The B&Q Sentebale 'Forget me not' Garden, designed by Jinny Blom, which won a silver-gilt medal, or a 'not quite'.  I think it is a not quite, the planting I really liked but it was overwhelmed by the hard landscaping and almost easy to overlook.  So, whilst having just said that resources matter, actually you do have to deliver something that works.  The garden received a huge amount of press due to the involvement of Prince Harry, but in reality I did not think it matched up to the hype.
 The East Village Garden, designed by Balston Agius Ltd.  A theme is developing here, yes, great planting, loved the planting - loved the swirl of Zantedeschia and particularly how it worked with the glass swirl behind.  The ferns were a delight (Yes, plant lust alert, I'm having a bit of thing about ferns at the moment so I love seeing them so well used.)  The colours worked well together, it was a good garden and again a gold medal winner.
The Brewin Dolphin Garden designed by Robert Myers, this contained a good use of giant sugared almonds as seats and some probably very expensive but not as nice white seats.  It won a gold medal yet somehow for me it did not quite work.  It was like all the bits worked well on their own, but were not quite playing as a team.  The sunken garden if looked at on its own worked well, but within this garden it did not seem to fit in comfortably.  Clearly however this was just me as it also won a gold and the planting was excellent.
Great pleaching, I loved the pleaching.
The Laurent Perrier Garden, designed by Ulf Nordfjell won first prize in ensuring that a celebrity in a coat that matches your planting is photographed in your garden.  This prize was shared by Kirstie Allsopp who won first prize in finding a garden that matched her coat, and may I just say it was a very very good coat.
and finally, The Telegraph Garden designed by Christopher Bradley-Hole, which I can best describe as hedgy.  It won a gold, the planting between the hedges was superb and I do admire a nice bit of hedging, but, but, it was a bit too hedgy for me.

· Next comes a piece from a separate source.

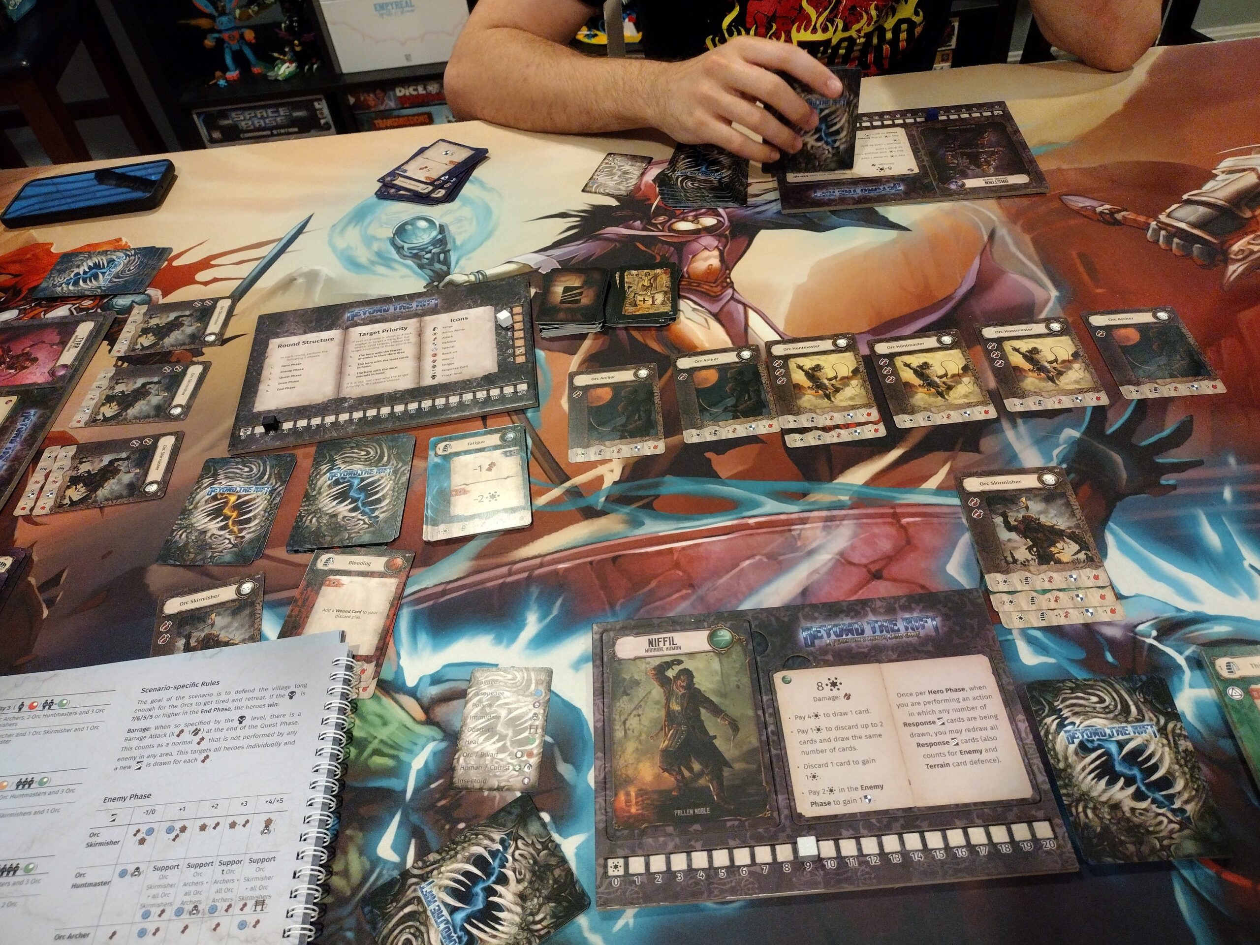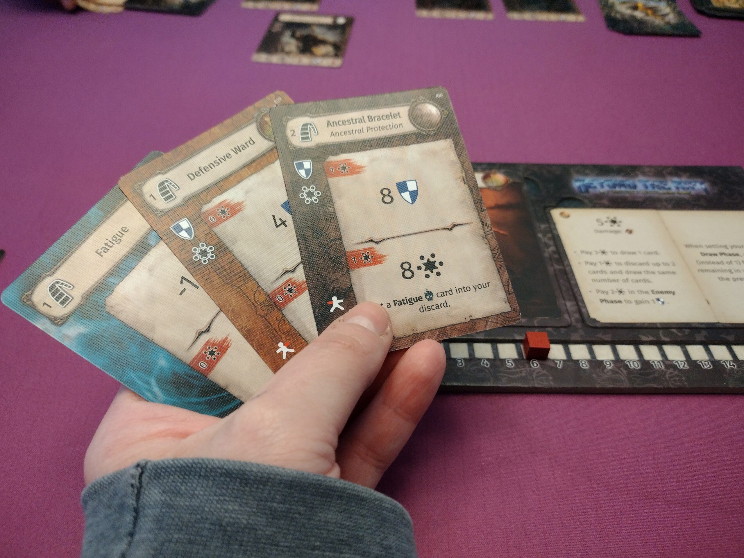 Hand Management – Players only get so many cards (dependent on player count) each round. They must play wisely, and manage them alongside their available action points. If they take wounds or earn fatigue, they lose space for useful cards until they can play/remove those from their hand

I say 'and finally', I should say that's it for now, I will be writing another post on more show gardens, there will be episode 2.


  1. I love the "Windows through time" garden!

  2. You certainly can have too many hedges. I guess that's the difference between a gardener and a garden designer. I'm a gardener! I'd be happy to have a few of those concrete 'sugared almonds' though.

  3. Lovely to hear your views on the show gardens, Chris Beardshaw's garden and the East Village Garden got the thumbs up from me, others, I'm not too sure about, although it is difficult to judge from watching TV!

  4. East Village Garden is one of our favourites and glad that it won gold. And so does Arthritis Research Garden.